Pathologisch vermehrte Geldrollenbildung im Blutbild findet sich bei Thalassämie, multiplem Myelom, Morbus Waldenström, entzündlichen Erkrankungen, Kollagenosen und der Polyglobulie. Auch in der Schwangerschaft kann es zu einer vorübergehenden vermehrten Geldrollenbildung der roten Blutkörperchen kommen. Ferner kommt sie beim Diabetes vor und ist ursächlich für die mikrovaskulären Verschlüsse bei der diabetischen Retinopathie.
Anders als in der wissenschaftlichen Medizin wird in der Alternativmedizin mancherorts die Ansicht vertreten, dass die Geldrollenbildung als ein obligat pathologisches Geschehen anzusehen sei und die Beobachtung dieses Phänomens sich generell zur Diagnostik einer Reihe von Krankheiten eigne, wobei dabei die Thalassämien und Polyglobulien nicht gemeint sind.
Dabei wird häufig auf eine nicht standardisierte und zumeist unzureichend genau beschriebene, rein qualitative Anwendung der Dunkelfeldmikroskopie zur Beobachtung einer Geldrollenbildung zurückgegriffen. Entsprechende Bluttests sind als Dunkelfeld-Vitalblutdiagnostik bekannt geworden. Ein Nachweis der diagnostischen Spezifität steht noch aus. Die entsprechenden Kosten werden von den Krankenkassen nicht erstattet.

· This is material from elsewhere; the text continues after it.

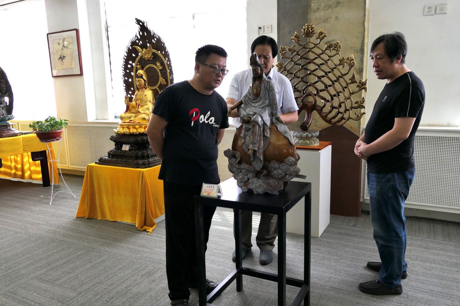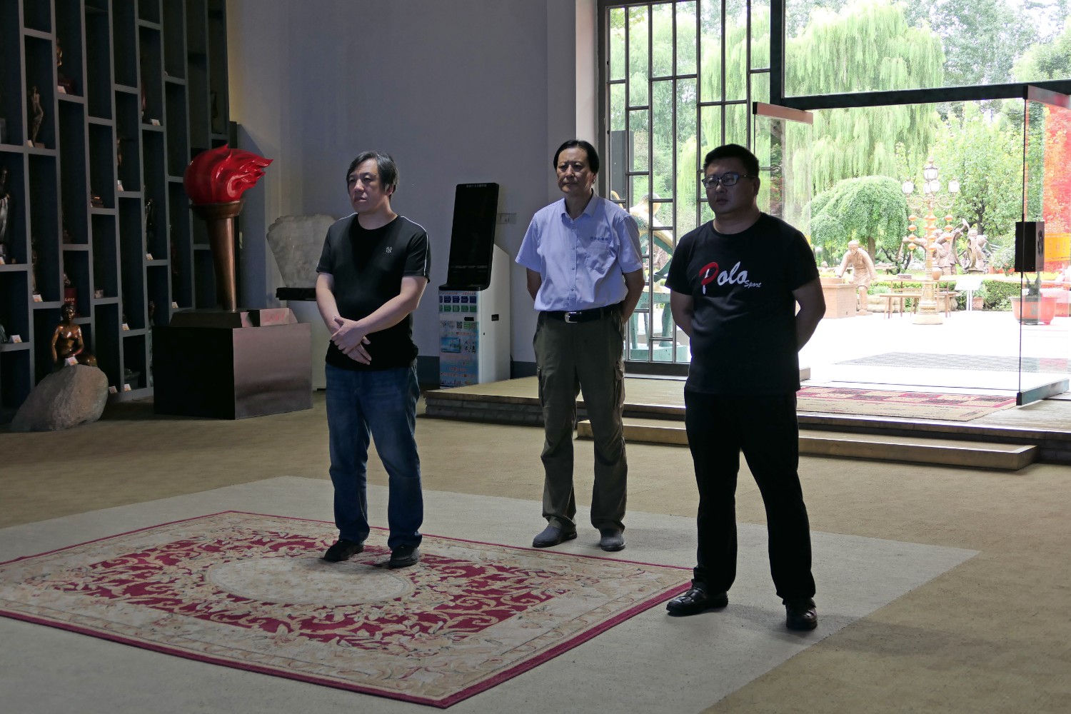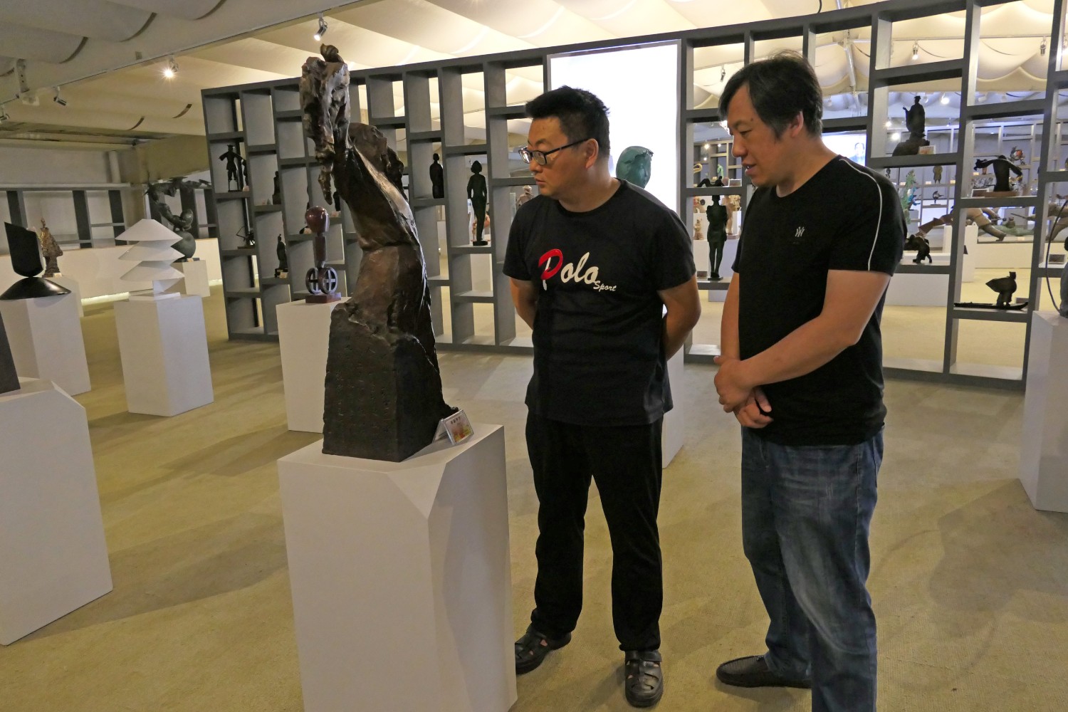 2020年8月31日,书法家胡宗江、陈希军莅临华艺雕塑参观指导。傅绍相介绍雕塑艺术。

Auf die oben genannten Tests wird zuweilen auch zurückgegriffen, um eine vermeintliche Schädigung des Blutes durch elektromagnetische Felder (EMF) nachzuweisen. Auch hier gibt es keine wissenschaftlichen Untersuchungen, die dokumentiert zeigen würden, dass die rein qualitative Beschreibung einer Geldrollenbildung von roten Blutkörperchen ein Zeichen einer Schädigung des Blutes wäre oder dies in Anwesenheit von EMF überhaupt erst auftreten würde. Da sich im Blutausstrich auch bei völlig gesunden Menschen eine Geldrollenbildung zeigen kann, ist diese Methode nicht aussagekräftig in Bezug auf mögliche Einflüsse elektromagnetischer Felder auf den menschlichen Organismus.
Bei einer netzartig verzweigten Geldrollenbildung wird im alternativmedizinischen Bereich auch von einer „Filitbildung“ gesprochen. Der Begriff Filit geht allerdings auf Ansichten des Zoologen Günther Enderlein zurück, der zu Beginn des 20. Jahrhunderts eine inzwischen widerlegte Theorie zum Pleomorphismus von Mikroben entwickelt hatte.
Ebenso ist die Behauptung, dass eine Übersäuerung des Blutes zu einer „typischen“ Geldrollenbildung führt, wissenschaftlich nicht haltbar. Diese Behauptung findet sich z. B. in bestimmten Ratgebern zur „Entschlackung“.